Re: [PATCH v1 1/3] coresight: etm-perf: Correct buffer syncing for snapshot
From: James Clark
Date: Fri Jun 11 2021 - 09:56:25 EST
On 10/06/2021 17:54, James Clark wrote:
>
>
> On 01/06/2021 13:35, Leo Yan wrote:
>> Hi James,
>>
>> On Tue, Jun 01, 2021 at 12:53:16PM +0300, James Clark wrote:
>>
>> [...]
>>
>>> Hi Leo,
>>>
>>> I was testing out snapshot mode (without your patch) and I noticed that it
>>> only ever collects from the last CPU. For example on a 4 core system,
>>> the CPU ID of the AUX records and the AUXTRACE buffers is always 3.
>>>
>>> This is with systemwide tracing, and running "stress -m 2 -c 2".
>>> Is this something that your patch fixes, or am I doing something wrong, or
>>> is it just a coincidence?
>>
>> No, I think it's quite likely caused by blow code:
>>
>> static unsigned long
>> tmc_update_etr_buffer(struct coresight_device *csdev,
>> struct perf_output_handle *handle,
>> void *config)
>> {
>> unsigned long flags, offset, size = 0;
>>
>> ...
>>
>> /* Don't do anything if another tracer is using this sink */
>> if (atomic_read(csdev->refcnt) != 1) {
>> spin_unlock_irqrestore(&drvdata->spinlock, flags);
>> goto out;
>> }
>>
>> ...
>>
>> return size;
>> }
>>
>> When using the system wide tracing, it updates the AUX ring buffer
>> until the last tracer is stopped. Thus whis is why it only records
>> AUX ring buffer for the last CPU.
>>
>> But this makes sense for me, this is because the last CPU is used to
>> copy trace data to AUX ring buffer (so the perf event PERF_RECORD_AUX
>> occurs on CPU3), but when you decode the trace data, you should can
>> see the activities from other CPUs.
>>
>> Thanks,
>> Leo
>>
>
> I have one more issue around snapshot mode which I'd like to check if it's
> related to this patchset.
>
> In "[PATCH v5 0/1] perf cs-etm: Split Coresight decode by aux records",
> I added the warning for a missing AUXTRACE buffer as you suggested.

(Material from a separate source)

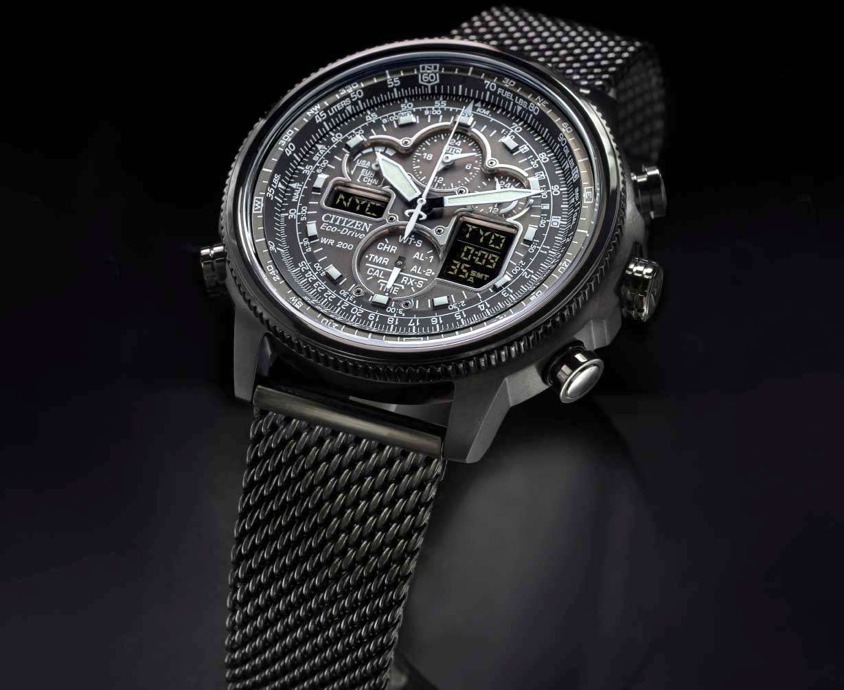 Citizen Promaster JY8037-50E часы-хронографХронографФункция позволяет измерять отрезки времени с особой точностью: часы, минуты, секунды. Верным признаком хронографа является наличие на циферблате 3 дополнительных окошек-счётчиков. с секундомеромСекундомерСекундоме́р — прибор, способный измерять интервалы времени с точностью до долей секунды. спортивного дизайна с высоким уровнем водозащиты. Корпус из нержавеющей стали с IP-покрытиемIP-покрытиеМетод ионного напыления. Демонстрирует повышенную устойчивость к истиранию, окислению и химическим веществам. Под воздействием высокого давления и температуры около 1500°C молекулы металла надёжно соединяются с частицами корпуса часов. диаметром 47,1 мм идеально сбалансирован. Минеральное стеклоМинеральное стеклоМинеральное стекло представляет собой искусственно выращенный минерал кварца. Такое стекло отличается особой устойчивостью к повреждениям и царапинам. Уступает по некоторым качествам сапфировому стеклу. обеспечивает отличную защиту циферблата от царапин. Часы работают на основе кварцевого механизма, питание от солнечной энергии. Стальной браслет миланского плетения на застёжке-бабочке с кнопкамиЗастёжка "бабочка"Такой вид застёжки дополняется предохранителями, помогающими избежать случайного раскрытия браслета. Обладают изящным исполнением. идеально дополняют дизайн часов, обеспечивая комфортное ношение. Стрелки и метки на циферблате имеют люминесцентное покрытиеЛюминесцентное покрытиеПозволяет считывать показания времени в темноте. Производители наносят на стрелки, часовые индексы, безель или поверхность циферблата светонакопительный состав, дающий холодное свечение. позволяющее легко определять время даже в темноте. Поворотный безельБезельВнешний ободок, закрепляющий стекло. В спортивных часах так называется поворотное кольцо с делениями на циферблате, выполняет роль таймера – замеряет отрезки времени на шкале. Неподвижный безель – элемент декора. Однонаправленно вращающийся безель на дайверских часах позволяет фиксировать моменты погружения и выныривания на поверхность.. Автоматический прием сигналов от радиовышек, расположенных в различных точках земного шара, которые передают временные сигналы от определенных атомных часов. Коррекция текущего времени радиосигналом на территории почти всей Европы, США, Японии и Китая. Функция индикации заряда (EOL) и предотвращения перезарядки. Мировое времяМировое время Полезное часовое усложнение, отображающее время в основных городах и известных областях по всему миру, оно связано с часовыми поясами, удобно для путешественников и бизнесменов. - 43 города (29 часовых поясов), переход на зимнее и летнее время. ТаймерТаймерОтсчитывает секунды в обратном направлении в заданном интервале времени. обратного отсчета до 99мин. Секундомер с точностью 1сек и временем измерения 1ч. 12-ти и 24-х часовой формат. Логарифмическая линейка. Часы обладают впечатляющей водонепроницаемостью до 200WR, что делает их идеальными для плавания, ныряния и погружений с аквалангом.

> Now this warning gets triggered on the last AUX record when using
> snapshot mode. I don't know if you are able to reproduce this.
>
Hi Leo,
So I tested this set with my aux split patch, and I still get the warning about the
last AUX record not being found, so this is an independent issue. Whether
it could be (or needs to be fixed) at the same time, I'm not sure.
One thing seems to have improved with your set is the number of aux records
produced. For each SIGUSR2, I now get one aux record. Previously I got a random
number that didn't seem to match up, which didn't seem right to me.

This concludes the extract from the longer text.